In fact, most of my interviewees chose to remain anonymous. A few were
adamant about it. The only person who allowed me to use her name was a teacher
who had lost her child to suicide and believed in the media's power not only to
educate but also to stamp out stigma. Why is it that as a society we have grown to the extent that dying of AIDS is
no longer equated with moral decadence and sexual perversion, but we still draw
the veil over suicide? More and more I've noticed obituaries announcing the
cause of death as AIDs. I have never seen an obituary stating the cause of death
as suicide. Thirty years ago, a college friend of my sister's committed suicide. No one
suspected anything. No mention of her death was made at baccalaureate exercises
or graduation ceremonies. Today, there would be counselors available at school
campuses to assist students in coping with this tragedy.
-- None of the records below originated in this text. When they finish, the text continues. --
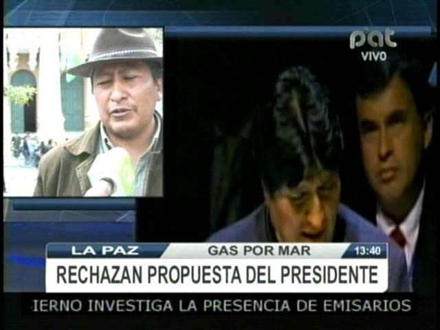 “El presidente Evo Morales se ha equivocado es un planteamiento descabellado, prácticamente es como si estuviera haciéndose la burla de todos los bolivianos y sobre todo haciéndose la burla de tantos heridos, más de 400 heridos, más de 85 muertos de septiembre y octubre de 2003, donde la agenda de septiembre, octubre de 2003 se ha escrito con sangre”. (PAT)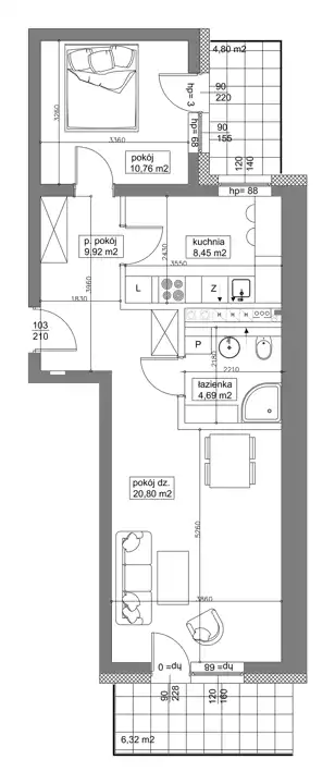 - Charakterystyka mieszkania 55.44 m2, 2 pokoje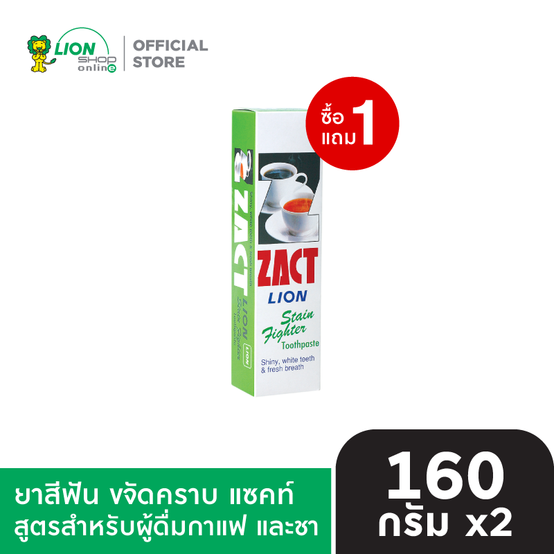 [1 ฟรี 1] ZACT ยาสีฟันขจัดคราบ แซคท์ 160 กรัม [เลือกสูตรด้านใน] 2 ตัวเลือก สูตรสำหรับผู้สูบบุหรี่ (กล่องสีแดง) สูตรสำหรับผู้ดื่มกาแฟ และชา (กล่องสีเขียว)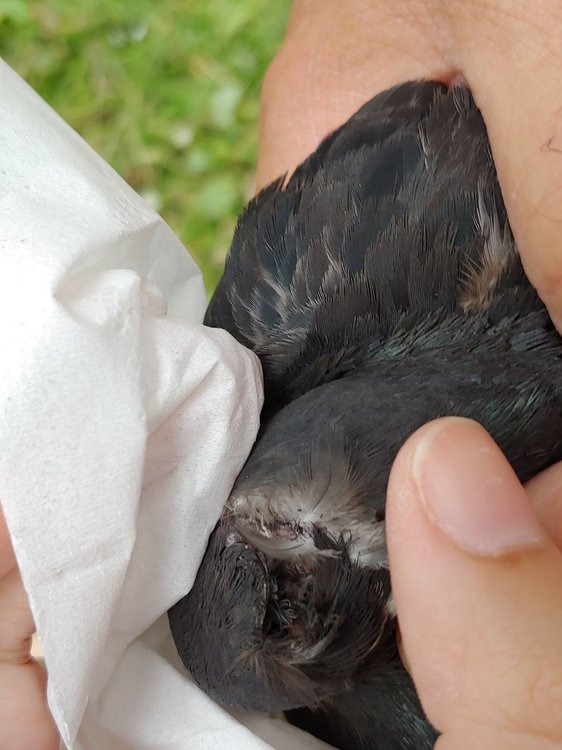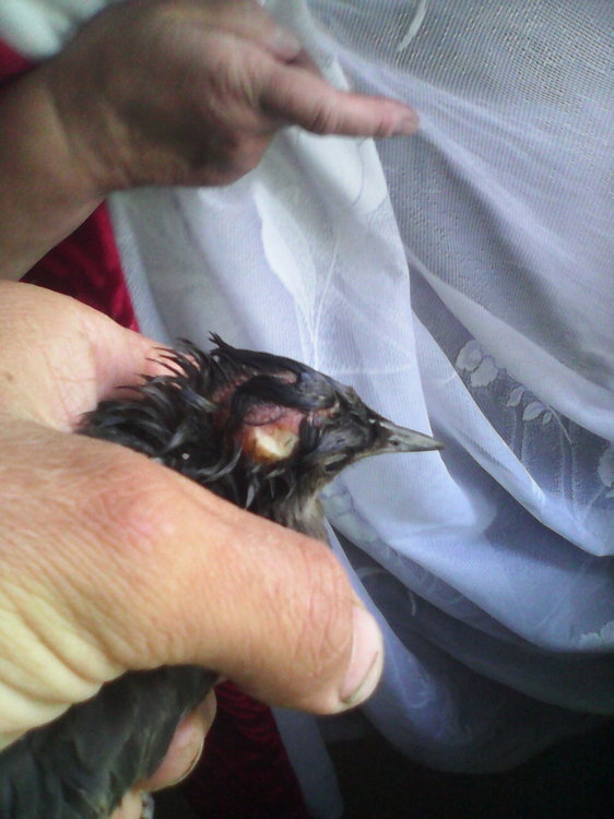 9. Добрый день. Днем подобрал скворца. Слеток Разбита голова - на макушке рана, кости черепа вроде целые. С правой стороны сбоку вмятина на черепе. Есть опухоль на груди под правым крылом (но ни синяка, ни гематом нет). Левое крыло держит высоко, не так как правое. Левый глаз открывает на половину, правый чуть больше (глаза чистые). Я рану почистил, промыл хлоргексом, промыл смесью диоксидин+новокаин. Уколол ему цефтриаксон 0.03мл (был под рукой. Нужно ли колоть или это лишнее, вроде так то подходит для этого случая), на рану нанес немного солкосерил геля. Ранка не кровоточит, опухоли почти нет. Запах от раны был очень слабый, сейчас уже нет его. Нужно ли что то давать для головы (пирацетам) на случай сотрясения? Фото пока такие, чуть позже выложу нормального качества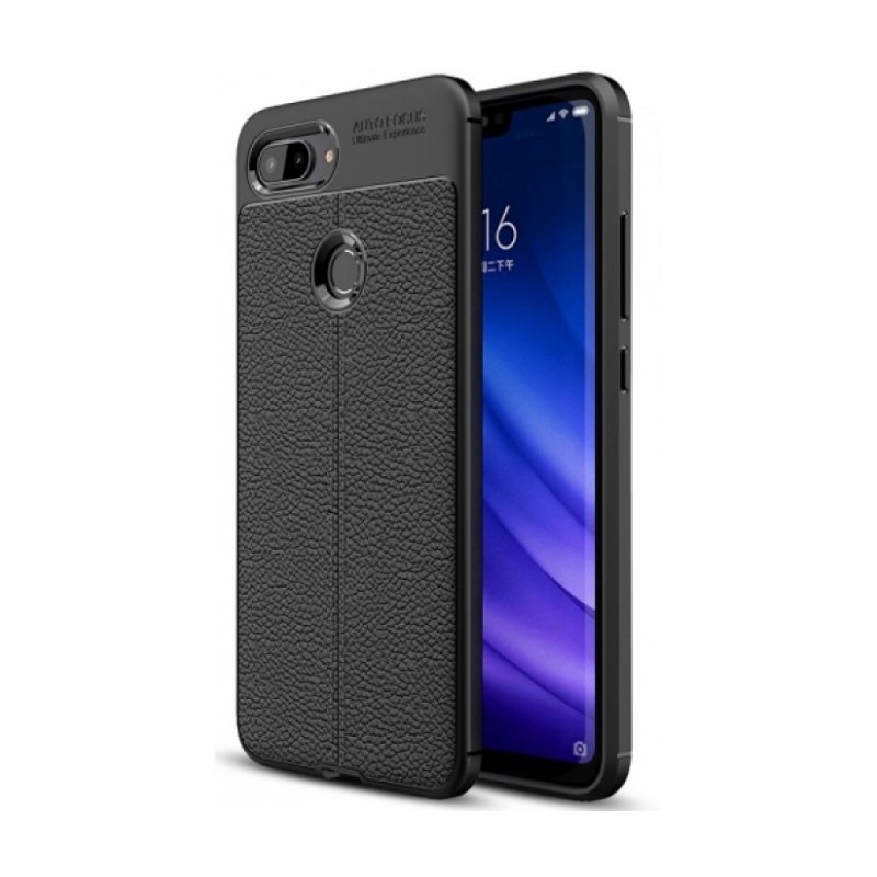 Xiaomi Mi 8 Lite Kılıf Deri Görünümlü Lüks Parmak İzi Bırakmaz Niss Silikon Kapak - Siyah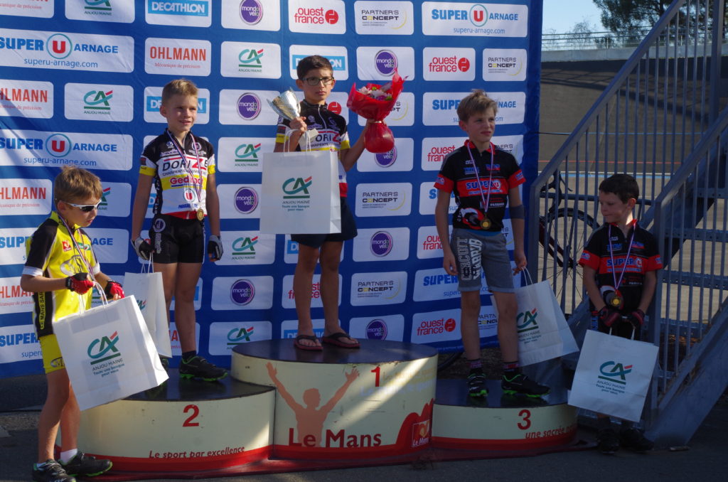 Pour la première manche, 2 tours de piste pour les Poussins, 4 pour les Pupilles et 6 pour les Benjamins.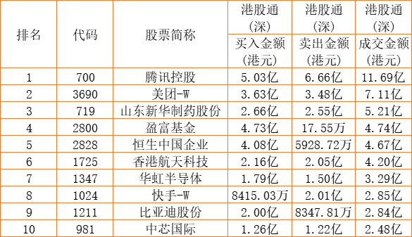 亚汇网实时数据统计:截至12月15日收盘,腾讯控股、山东新华制药股份、美团-W位居港股通(沪)成交前三,腾讯控股、美团-W、山东新华制药股份位居股通(深)成交前三。

So do not fault today's school counselors and educators. The large number of
suicide-related books listed in Books in Print and located on school and public
library shelves contradicts the popular belief that education is the ultimate
prophylactic. It is not. The statistics say otherwise. Suicide is the third leading killer of young
people between the ages of 15 and 24, according to the CDC in Atlanta, and a
growing trend among African Americans, whose suicide rate has tripled in the
past 15 years. Furthermore, 15 percent of all teens diagnosed with depression eventually
commit suicide. A recent survey delivers even worse news: As many as one out of
four high school students may seriously consider suicide. If there's any good news, it's that a 100 percent fail-safe method for
predicting teens likely to commit suicide may be just around the corner. But
until this simple blood test is perfected, parents, relatives, friends and
strangers need to do more than spout statistics and hide their shame behind
checklists, hotline numbers and medications. Although these measures are necessary to inform and treat, they don't stamp
out the stigma. This is something we all must deal with by "coming out of the
closet" and together exposing the pain of our own limitations, imperfections and
self doubts. Parents need to discuss suicide--not just on TV talk shows and in online
support groups--but at family gatherings, religious functions and parent-teen
workshops. We need to keep repeating the word "suicide" until the repetition
rousts the shame and we're left with only the practical details of prevention
and providing support for survivors. Otherwise there will continue to be too many Arlyn Chastains, whose mother
recently wrote how her beautiful, brilliant 17 year-old, slated to enter Tulane
University, put a gun to her head and ended what could have been a long,
rewarding life. When my friend and his wife euologized their child at the memorial service,
they spoke eloquently of her gifts and rare moments of happiness. The clergy man
who attempted to give a few words of solace seemed ill at ease as were, I'm
sure, many of the mourners, many of them parents. Near the end of the service, the mother told how when her children were
preschoolers, she and her two youngsters were caught outside one day in a
windstorm. So like any good mother, she grabbed hold of her children's hands and
held on tight. The older child, frightened of the wind's force, admonished her
mother to hang on to the younger one because she might "blow away." "I couldn't hold on to you," the mother said before the crowd of mourners,
sobbing. What parent, alone, can hold on when their child is under the eye of the
hurricane called mental illness? But stigma can collapse under the weight of
shared compassion. And one parent can join with other supportive parents as well
as mental-health professionals, educators and clergy. When society puts aside judgments, the chances of rescue improve
dramatically. As Benjamin Franklin said more than two centuries ago, we must all
hang together or we will all hang separately. Dedicated to the memory of Dr. Janet Shaner, Superintendent of the Weston, CT
School District. She was someonešs daughter too.